2. Viewing vs. Modifying Requires Different Privileges

Reading the ARP cache with arp -a works for standard users. Clearing entries (arp -d) or adding static entries (arp -s) requires Administrator elevation.

3. Understand Multicast and Broadcast Entries

Entries in the 224.x.x.x through 239.x.x.x range are multicast addresses used for network discovery (printers, media streaming, mDNS). The entry 255.255.255.255 is the broadcast address. These are normal system entries and should not be deleted.

4. Use OUI Lookup for Device Identification

The first three pairs of a MAC address (the OUI, Organizationally Unique Identifier) identify the manufacturer. For example, 00-15-5d is Microsoft (Hyper-V), 00-50-56 is VMware, and ac-de-48 is Apple. This can help identify unknown devices on your network.

5. Dynamic Entries Expire Automatically

Dynamic ARP entries are temporary.

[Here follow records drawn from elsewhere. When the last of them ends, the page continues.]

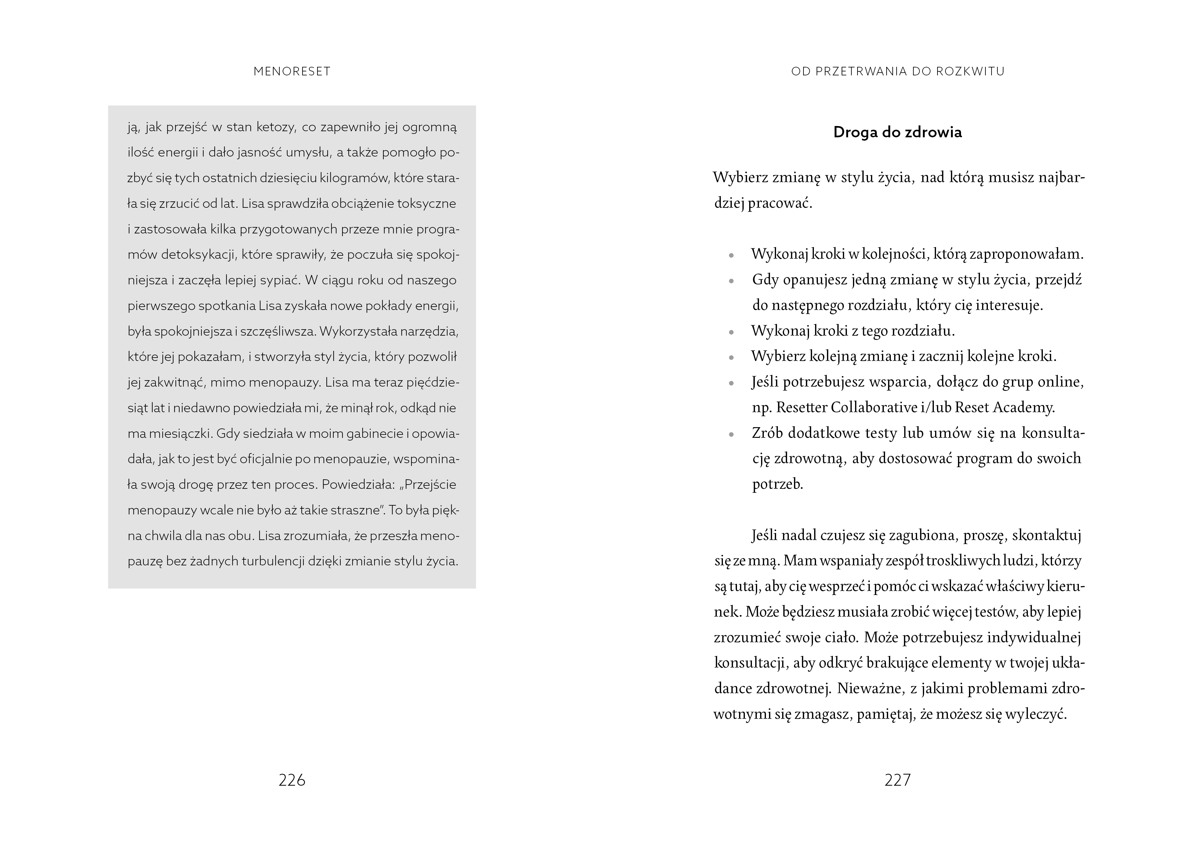 Menopauza nie jest wyczekiwanym etapem życia jakiejkolwiek kobiety. Dla wielu może brzmieć wręcz jak wyrok – tak, teraz zaczną się te wszystkie dolegliwości związane z zaburzeniami hormonalnymi, na pewno się roztyję, no i stanę się przezroczysta dla innych. Czy jedynym ratunkiem jest milczące pogodzenie się z tym, co wcześniej czy później czeka każdą z nas? A może możemy w jakiś sposób temu zaradzić albo wręcz przygotować się na menopauzę? Z nadzieją, że będę mogła samej sobie odpowiedzieć twierdząco na drugie pytanie, sięgnęłam po poradnik zdrowotny doktor Mindy Pelz „Menoreset. Stosuj post, kontroluj objawy menopauzy i poczuj się młodo”. I wiecie, jakie były moje pierwsze spostrzeżenia? Że to książka, która uczy czułości wobec siebie, ale też determinacji. I uświadamia, jak mało wiemy o własnym ciele. Dla mnie to była pierwsza okazja, by usłyszeć o takich pojęciach jak estrobolom i poczuć niemal zawstydzenie, że tak długo żyłam w ignorancji wobec procesów, które codziennie we mnie zachodzą. "Nie pozwól nikomu wmówić sobie, że musisz żyć ze swoimi dolegliwościami". To zdanie nie tylko otwiera oczy, ale staje się iskrą, od której zaczyna się bunt. Bunt przeciwko niewidzialności, przemilczaniu i cierpieniu, które często towarzyszy menopauzie. I po przeczytaniu mogę powiedzieć, że to nie zwykły poradnik, a mapa drogowa dla każdej kobiety, która czuje, że traci kontrolę nad swoim ciałem i życiem, ale nie chce się na to godzić. Bo problem w tym, że nikt nas nie uczy, jak przejść przez ten etap życia. A wręcz słyszymy, że „tak to już jest” i trzeba się z tym pogodzić. A może wystarczy wiedzieć, jak tę drogę przejść? Dr Pelz dzieli się nie tylko wiedzą popartą badaniami naukowymi, ale też własną historią. Historią kobiety, która przez menopauzę przeszła za wcześnie, boleśnie i bez wsparcia. I która postanowiła, że żadna inna kobieta nie powinna czuć się tak zagubiona jak ona. Dużą wagę autorka przywiązuje do postu przerywanego, ale nie jako modnego trendu, lecz jako potężnego narzędzia regulującego gospodarkę hormonalną, wpływającego na mikrobiom, wagę, energię i nastrój. Pokazuje, jak różne rodzaje postów wpływają na ciało kobiety w zależności od fazy cyklu, wieku i indywidualnych potrzeb. Tłumaczy, kiedy jeść, ale też co jeść, skupiając się nie na kaloriach, lecz na makroskładnikach i równowadze odżywczej. Oczywiście, odżywianie to tylko jeden z elementów, który nie może być traktowany w oderwaniu od pozostałych aspektów, które autorka porusza. Znajdziemy tu też historie kobiet, które odzyskały nie tylko energię i sylwetkę, ale też siebie. Swoje „ja”, które zniknęło gdzieś pod warstwami zmęczenia, rozdrażnienia, przyspieszonego bicia serca czy mgły umysłowej. Każdy rozdział kończy się podsumowaniem i prostymi krokami do wdrożenia, które autorka sugeruje wprowadzać stopniowo, aż staną się naszą rutyną. To ważne, bo menopauza nie jest sprintem, ale długim, często dziesięcioletnim maratonem, w którym nasze decyzje mają znaczenie. Jeśli jesteś kobietą w okresie okołomenopauzalnym, już w nim jesteś albo dopiero się do niego zbliżasz – ta książka to prezent, który możesz podarować samej sobie. Nie znajdziesz tu cudownych recept, ale coś znacznie ważniejszego: zrozumienie, nadzieję i poczucie kontroli. I przypomnienie, że jesteś ważna. Zawsze. Nawet, a może szczególnie wtedy, gdy świat zdaje się o tym zapominać.
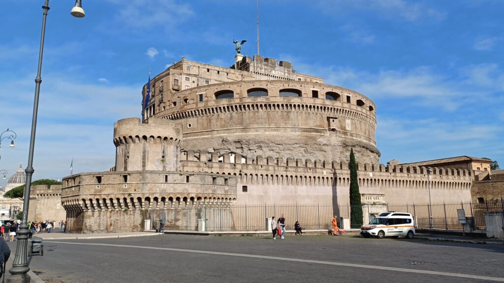 The bus drops off the pilgrims close to Castel Sant’Angelo, the Castle of the Holy Angel, and the pilgrims enjoy the early morning walk along the banks of the Tiber River and seeing this huge building that was intended to be a mausoleum of the Emperor Hadrian and his family. From the 14th century on, the popes lived in the castle or used it as a fortress, a place of rescue and later as a prison. Today, it is a museum.
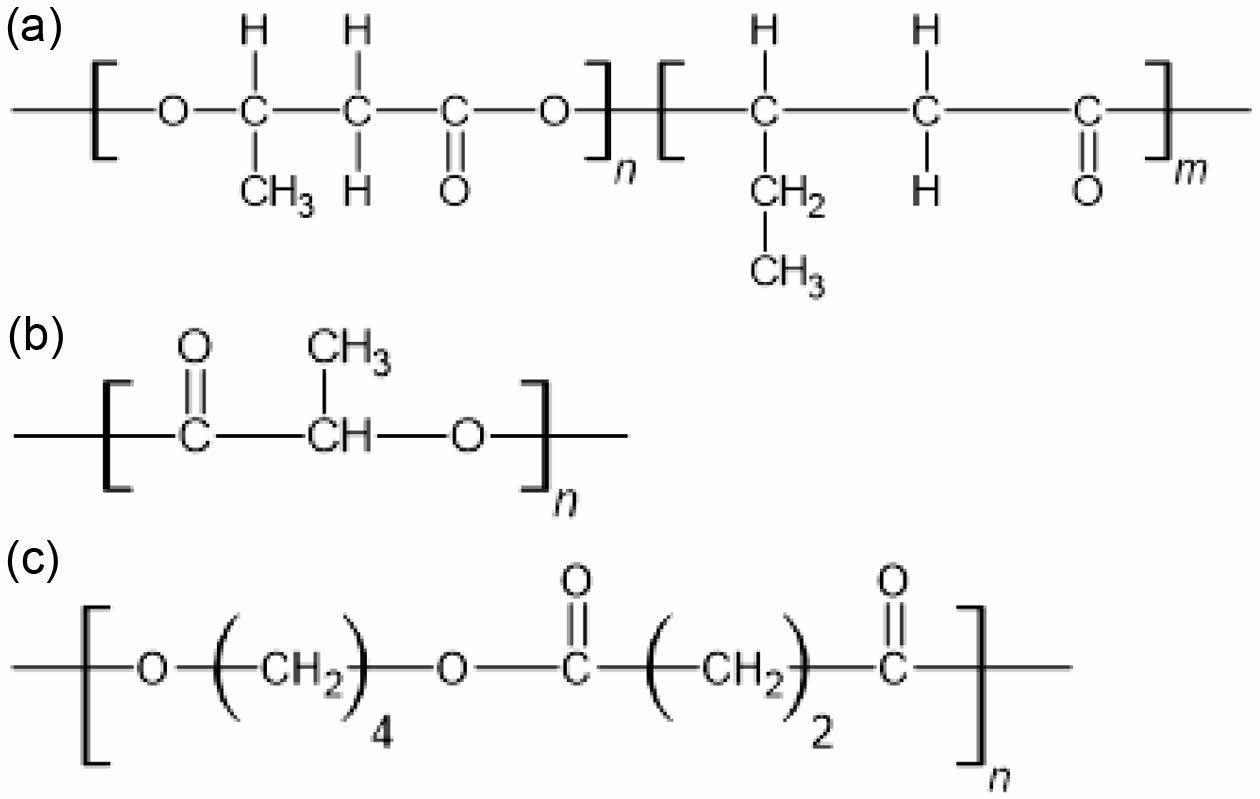 Figure 2 Chemical structures of (a) PHBV; (b) PLA; (c) PBS. |
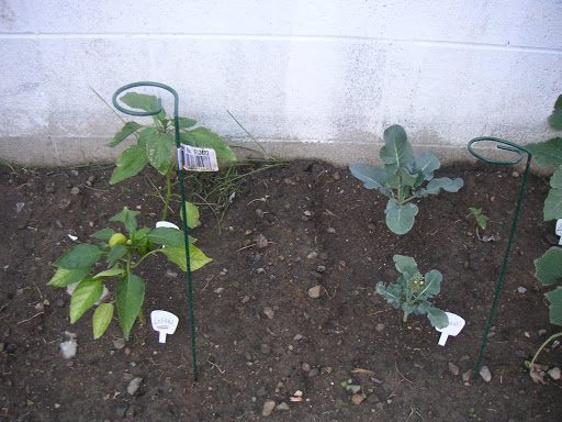 The plants on the left are green and yellow peppers. The two on the right are both broccoli. I’ve never grown broccoli. Both plants have baby peppers and broccoli started and they’re adorable. Close-ups next week…maybe.

If a device stops communicating, its entry will be removed after the timeout period (typically 15–45 seconds). You do not need to manually clean up stale dynamic entries, they will disappear on their own.

6. Use setlocal / endlocal

Always wrap scripts in setlocal and endlocal to prevent variables from leaking into the parent environment.

Final Thoughts

Displaying the ARP cache in a Batch script is a simple yet powerful diagnostic technique. The arp -a command provides immediate visibility into the physical devices communicating with your machine on the local network, and since its flags and output format are language-independent, scripts work reliably on any Windows installation. By combining arp with findstr filtering, careful partial-match prevention, and administrative maintenance commands, you can build tools for IP conflict diagnosis, rogue device detection, network auditing, and ARP cache maintenance. The key is understanding that ARP only operates within your local subnet, it reveals the physical hardware identities of your immediate network neighbors, not the broader internet.